● **Assignment**
Transcribe each entry exactly as it appears, leaving out any picture it holds.

● **Information given**
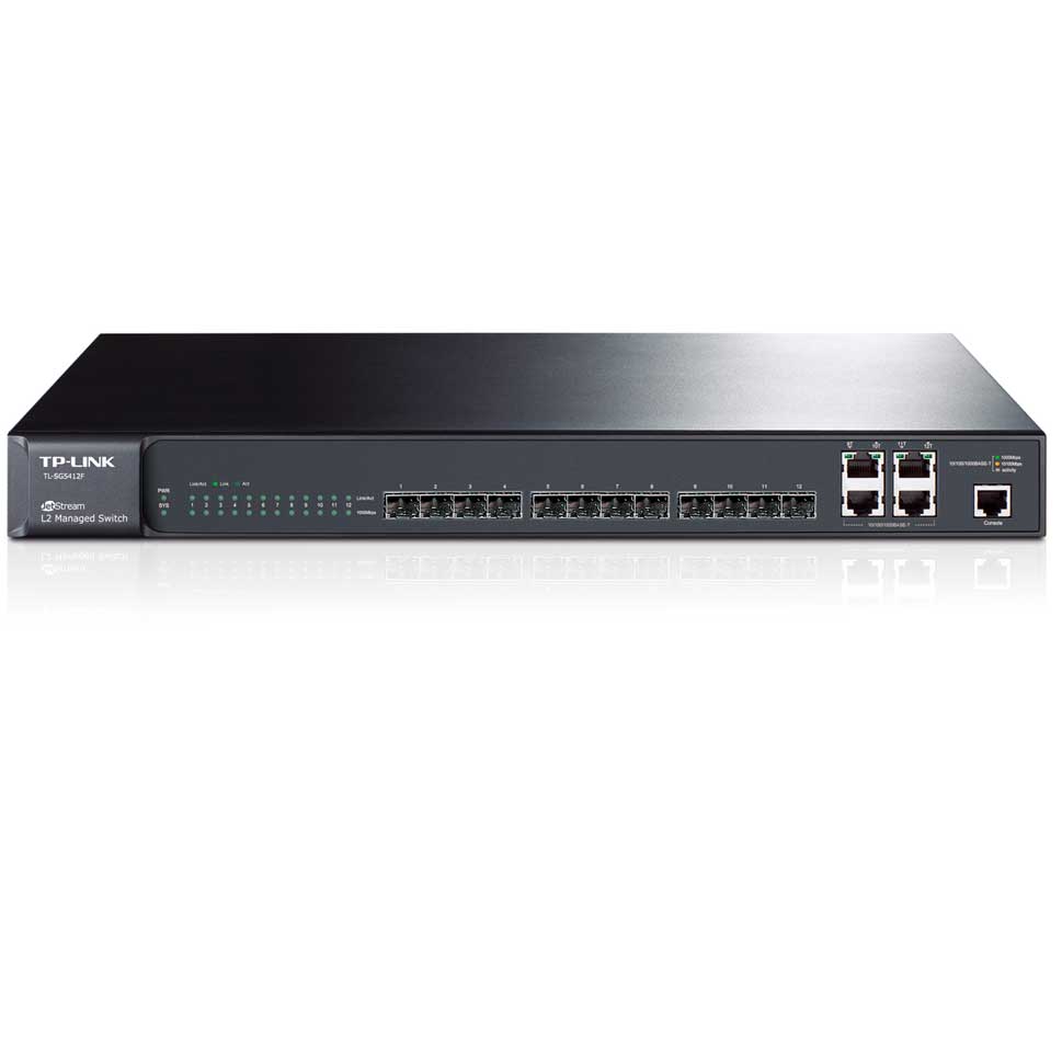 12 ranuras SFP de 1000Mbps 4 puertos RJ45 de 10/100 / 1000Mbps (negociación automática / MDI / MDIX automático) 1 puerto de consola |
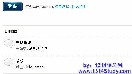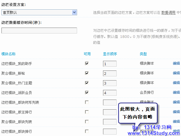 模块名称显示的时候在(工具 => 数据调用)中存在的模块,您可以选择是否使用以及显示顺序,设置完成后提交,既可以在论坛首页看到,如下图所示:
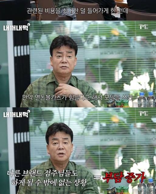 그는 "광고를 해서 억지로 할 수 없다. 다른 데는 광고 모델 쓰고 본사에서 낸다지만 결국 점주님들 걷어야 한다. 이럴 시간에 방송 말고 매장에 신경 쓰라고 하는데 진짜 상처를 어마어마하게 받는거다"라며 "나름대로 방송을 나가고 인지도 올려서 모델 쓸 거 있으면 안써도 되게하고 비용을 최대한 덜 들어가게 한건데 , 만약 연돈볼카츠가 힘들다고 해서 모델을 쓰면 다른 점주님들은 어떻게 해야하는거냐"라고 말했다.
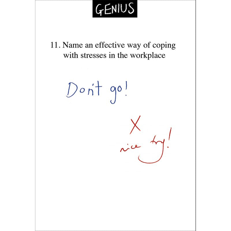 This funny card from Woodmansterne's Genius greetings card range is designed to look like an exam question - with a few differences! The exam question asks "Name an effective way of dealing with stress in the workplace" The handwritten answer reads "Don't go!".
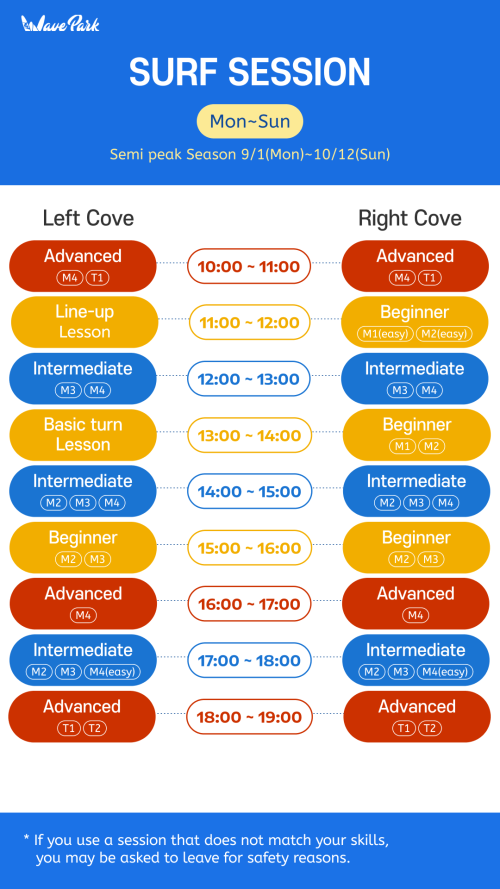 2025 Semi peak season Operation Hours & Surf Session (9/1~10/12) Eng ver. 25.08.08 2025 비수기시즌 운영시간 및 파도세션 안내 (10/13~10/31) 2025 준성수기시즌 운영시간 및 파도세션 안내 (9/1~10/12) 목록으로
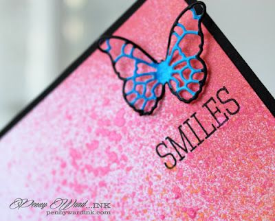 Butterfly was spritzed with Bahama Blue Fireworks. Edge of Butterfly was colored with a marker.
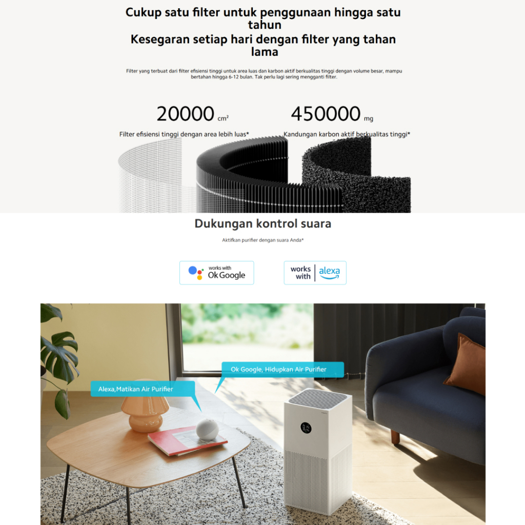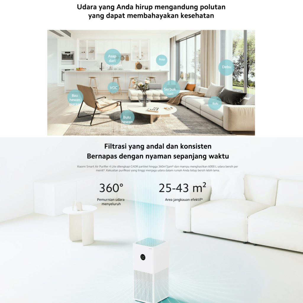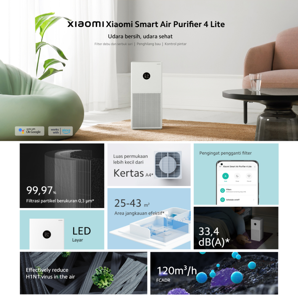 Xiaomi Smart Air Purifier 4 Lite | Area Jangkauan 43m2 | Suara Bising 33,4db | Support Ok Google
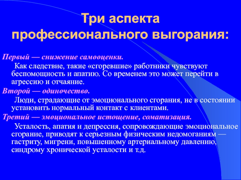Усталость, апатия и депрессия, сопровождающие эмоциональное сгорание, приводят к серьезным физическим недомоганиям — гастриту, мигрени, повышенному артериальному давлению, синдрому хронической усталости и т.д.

● **Answer to this problem**
 12 ranuras SFP de 1000Mbps 4 puertos RJ45 de 10/100 / 1000Mbps (negociación automática / MDI / MDIX automático) 1 puerto de consola |
 模块名称显示的时候在(工具 => 数据调用)中存在的模块,您可以选择是否使用以及显示顺序,设置完成后提交,既可以在论坛首页看到,如下图所示:
 그는 "광고를 해서 억지로 할 수 없다. 다른 데는 광고 모델 쓰고 본사에서 낸다지만 결국 점주님들 걷어야 한다. 이럴 시간에 방송 말고 매장에 신경 쓰라고 하는데 진짜 상처를 어마어마하게 받는거다"라며 "나름대로 방송을 나가고 인지도 올려서 모델 쓸 거 있으면 안써도 되게하고 비용을 최대한 덜 들어가게 한건데 , 만약 연돈볼카츠가 힘들다고 해서 모델을 쓰면 다른 점주님들은 어떻게 해야하는거냐"라고 말했다.
 This funny card from Woodmansterne's Genius greetings card range is designed to look like an exam question - with a few differences! The exam question asks "Name an effective way of dealing with stress in the workplace" The handwritten answer reads "Don't go!".
 2025 Semi peak season Operation Hours & Surf Session (9/1~10/12) Eng ver. 25.08.08 2025 비수기시즌 운영시간 및 파도세션 안내 (10/13~10/31) 2025 준성수기시즌 운영시간 및 파도세션 안내 (9/1~10/12) 목록으로
 Butterfly was spritzed with Bahama Blue Fireworks. Edge of Butterfly was colored with a marker.
 Xiaomi Smart Air Purifier 4 Lite | Area Jangkauan 43m2 | Suara Bising 33,4db | Support Ok Google
Усталость, апатия и депрессия, сопровождающие эмоциональное сгорание, приводят к серьезным физическим недомоганиям — гастриту, мигрени, повышенному артериальному давлению, синдрому хронической усталости и т.д.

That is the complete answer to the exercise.